SUPPLIED RECORDS>
※ ※ ※
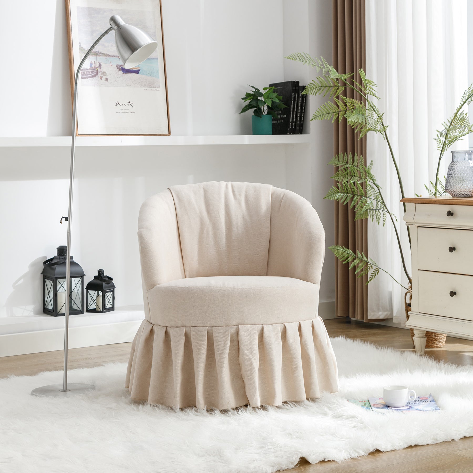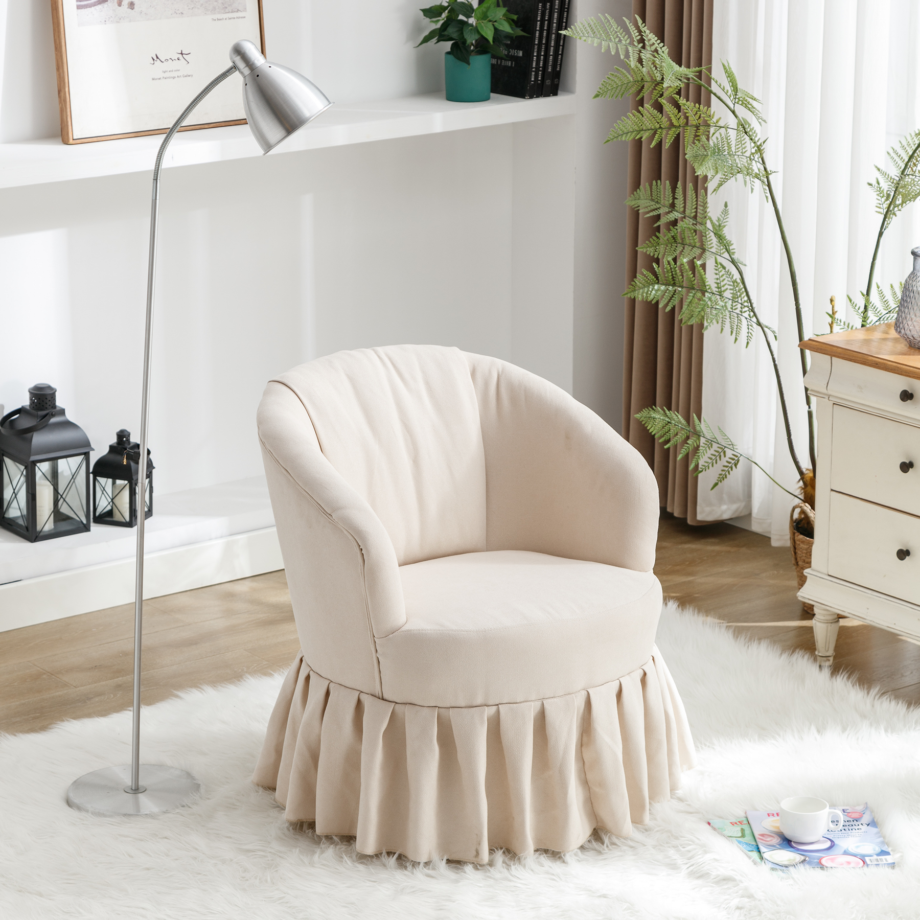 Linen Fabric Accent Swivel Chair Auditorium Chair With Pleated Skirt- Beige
※ ※ ※
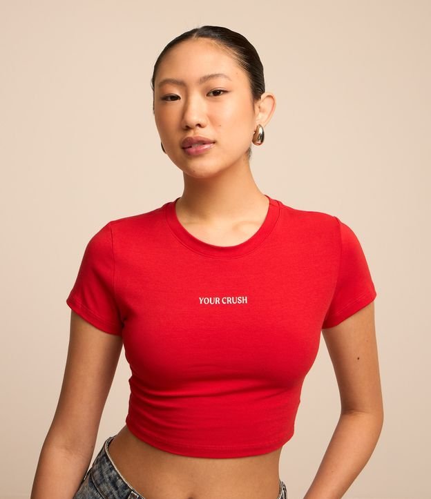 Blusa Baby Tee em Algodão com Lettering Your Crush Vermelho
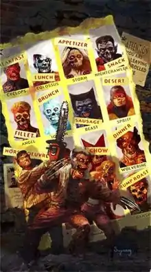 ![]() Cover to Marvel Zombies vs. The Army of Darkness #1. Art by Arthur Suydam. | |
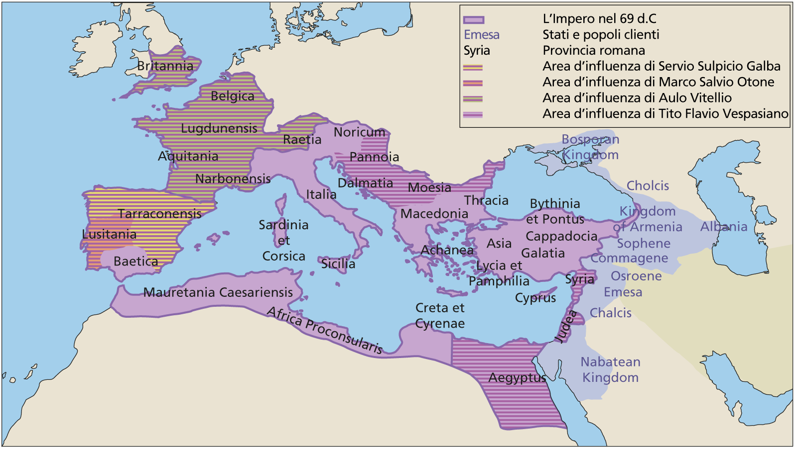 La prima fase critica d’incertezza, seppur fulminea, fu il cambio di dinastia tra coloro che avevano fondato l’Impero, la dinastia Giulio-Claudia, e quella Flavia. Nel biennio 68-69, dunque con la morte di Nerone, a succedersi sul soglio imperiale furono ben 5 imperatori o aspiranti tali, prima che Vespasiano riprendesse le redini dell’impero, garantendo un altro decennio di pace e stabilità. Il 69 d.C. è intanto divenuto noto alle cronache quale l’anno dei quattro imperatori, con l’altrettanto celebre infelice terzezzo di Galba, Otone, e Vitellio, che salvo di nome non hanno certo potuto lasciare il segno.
※ ※ ※
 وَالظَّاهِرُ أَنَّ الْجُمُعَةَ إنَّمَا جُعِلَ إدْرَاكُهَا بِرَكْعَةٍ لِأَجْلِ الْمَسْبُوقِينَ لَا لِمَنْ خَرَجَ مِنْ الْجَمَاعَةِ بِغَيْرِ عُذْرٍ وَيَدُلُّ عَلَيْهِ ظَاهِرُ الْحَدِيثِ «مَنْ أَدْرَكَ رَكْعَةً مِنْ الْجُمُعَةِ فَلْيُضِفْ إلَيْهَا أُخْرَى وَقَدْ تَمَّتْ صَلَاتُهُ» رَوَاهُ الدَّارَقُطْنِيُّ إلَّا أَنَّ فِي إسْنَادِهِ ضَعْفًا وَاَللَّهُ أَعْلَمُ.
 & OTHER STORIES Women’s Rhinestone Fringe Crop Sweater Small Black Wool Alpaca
※ ※ ※
WORK ORDER> In the listing above, find the line with "Blusa Baby Tee" and the line with "Suydam. | |". Output both, plus every line between them, and no pictures.

RESULT OF THIS EXERCISE>
 Blusa Baby Tee em Algodão com Lettering Your Crush Vermelho
 ![]() Cover to Marvel Zombies vs. The Army of Darkness #1. Art by Arthur Suydam. | |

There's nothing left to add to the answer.